Your objective
Hand back, word for word, the lines from the one containing "With the application" to the end of the records, both included, and leave out pictures.

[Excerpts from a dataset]
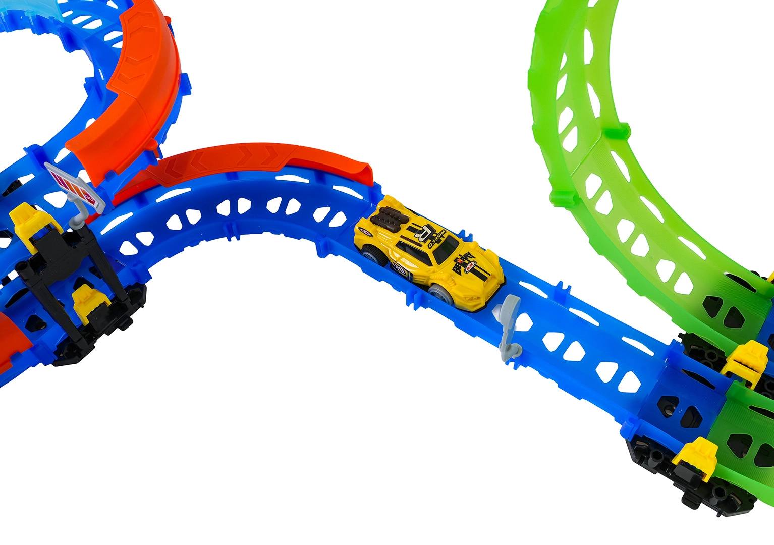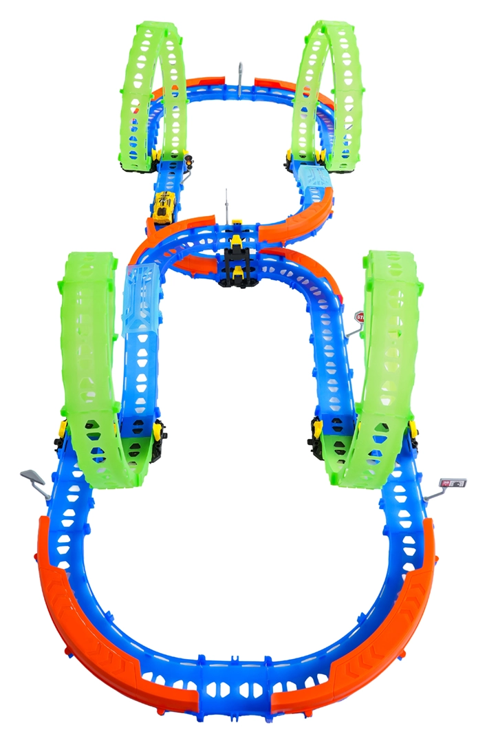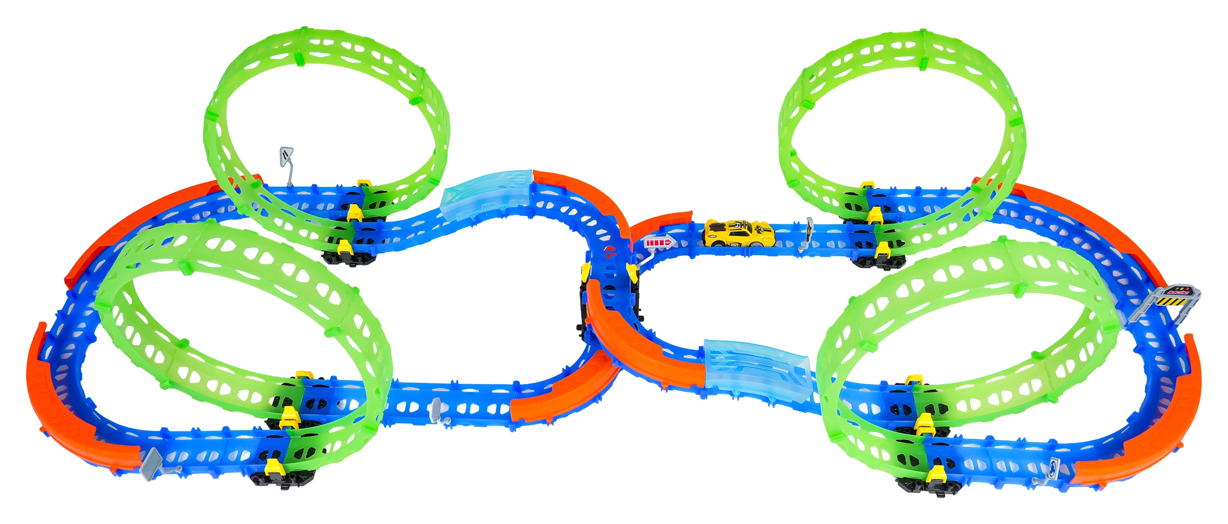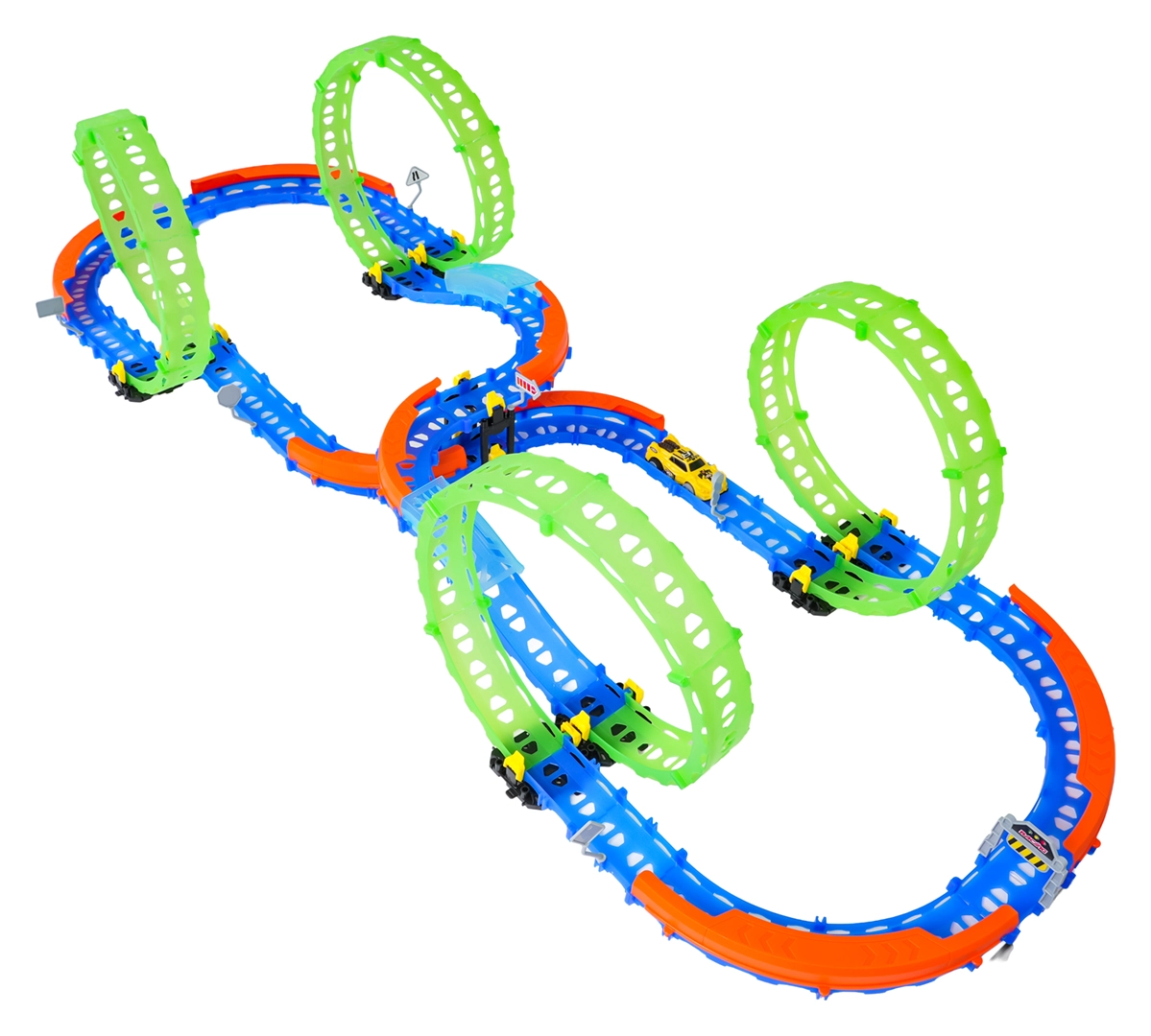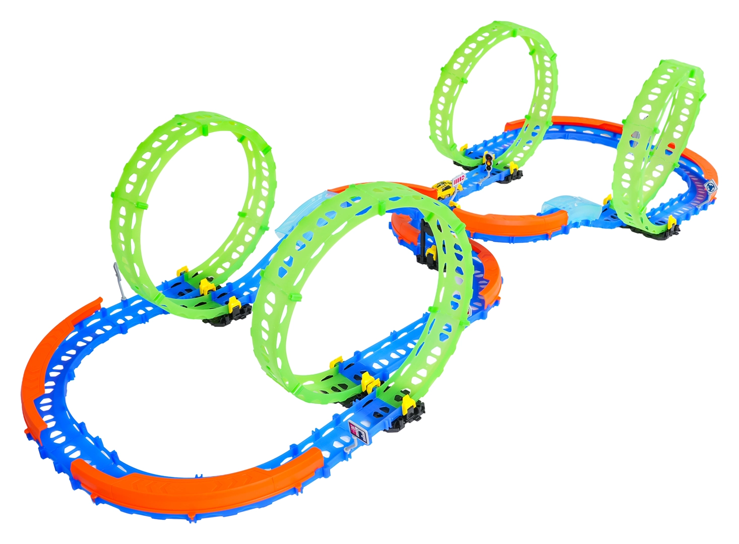 Ši spalvinga lenktynių trasa siūlo puikius akrobatinius važiavimus ir kūrybišką konstravimą. Dėl fluorescencinių kilpų ir automobilio šviesos efekto ji ypač išryškėja tamsoje, kur virsta ryškia trasa, kupina įtampos. Tvirti turėklai posūkiuose padeda išlaikyti automobilį saugiai kelyje.
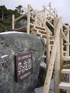 夢の庭園は花崗岩が出た斜面で、そこに 立派な木の階段が設置されています。
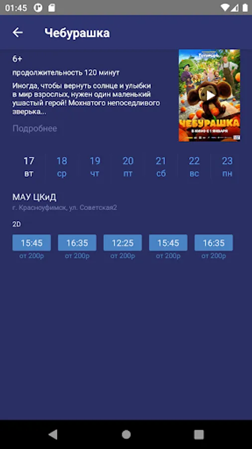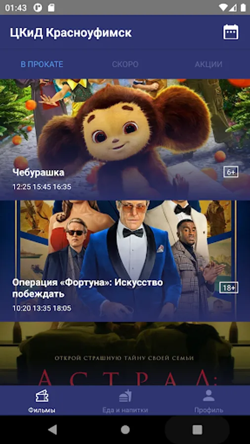 With the application "TsKiD Krasnoufimsk" you can purchase tickets for any sessions at the cinema TsKiD Krasnoufimsk.
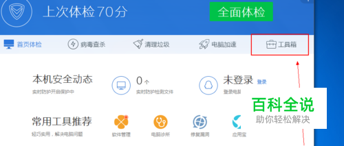 如图所示,我们在电脑管家主界面点击工具箱这一项。
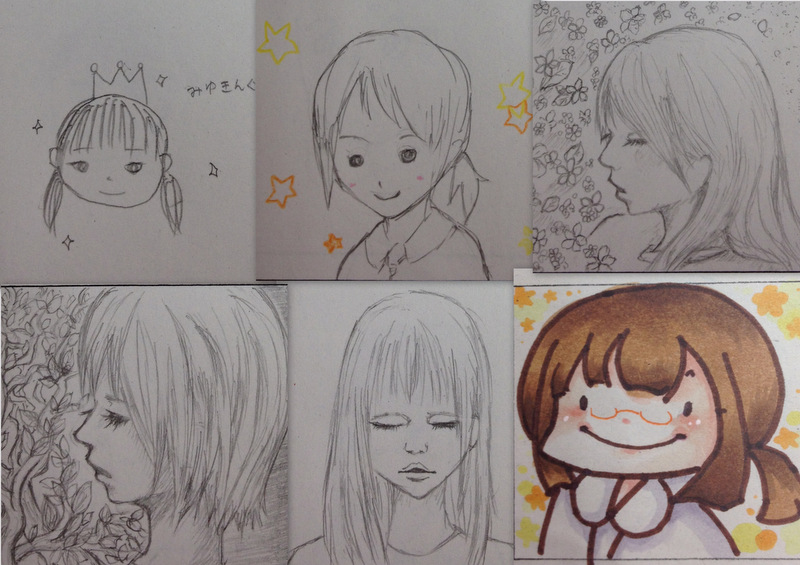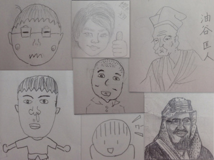 My students at my main school are much more shy. Usually the girls are more brave than the boys, and will come talk to me in the staff room. For homework after the first lesson, I asked students to complete a self-introduction worksheet. Part of the worksheet involved drawing a picture of themselves. Some girls drew manga style pictures, while some boys seemed to draw famous figures from their history textbook. Here is a sample of some of the drawings:
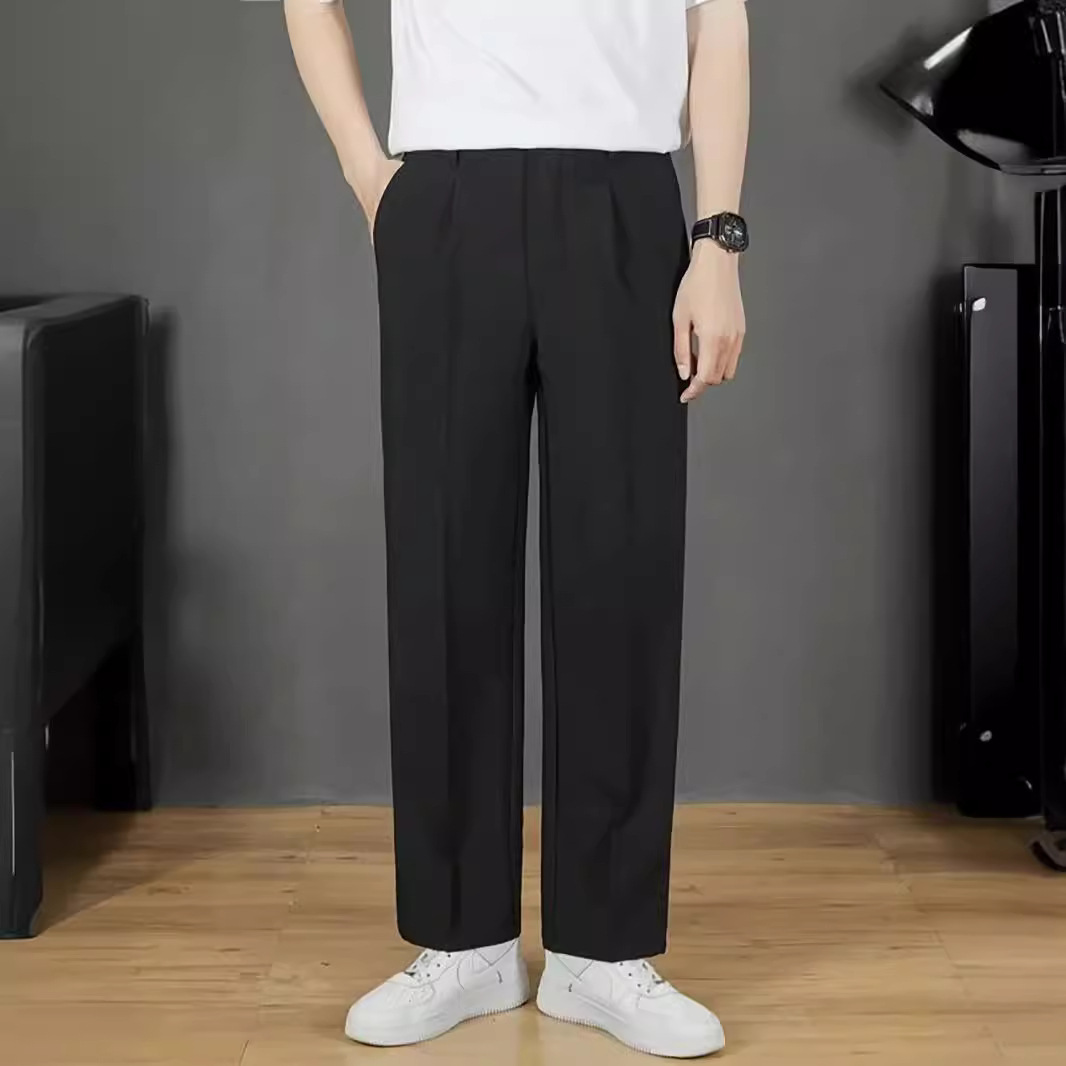 2024新型韓国版ズボン男性タイプの夏のファッションは、地面を引きずるストレート感のあるカジュアルなズボンのスーツのズボン男性に合わせています。

Task answer
 With the application "TsKiD Krasnoufimsk" you can purchase tickets for any sessions at the cinema TsKiD Krasnoufimsk.
 如图所示,我们在电脑管家主界面点击工具箱这一项。
 My students at my main school are much more shy. Usually the girls are more brave than the boys, and will come talk to me in the staff room. For homework after the first lesson, I asked students to complete a self-introduction worksheet. Part of the worksheet involved drawing a picture of themselves. Some girls drew manga style pictures, while some boys seemed to draw famous figures from their history textbook. Here is a sample of some of the drawings:
 2024新型韓国版ズボン男性タイプの夏のファッションは、地面を引きずるストレート感のあるカジュアルなズボンのスーツのズボン男性に合わせています。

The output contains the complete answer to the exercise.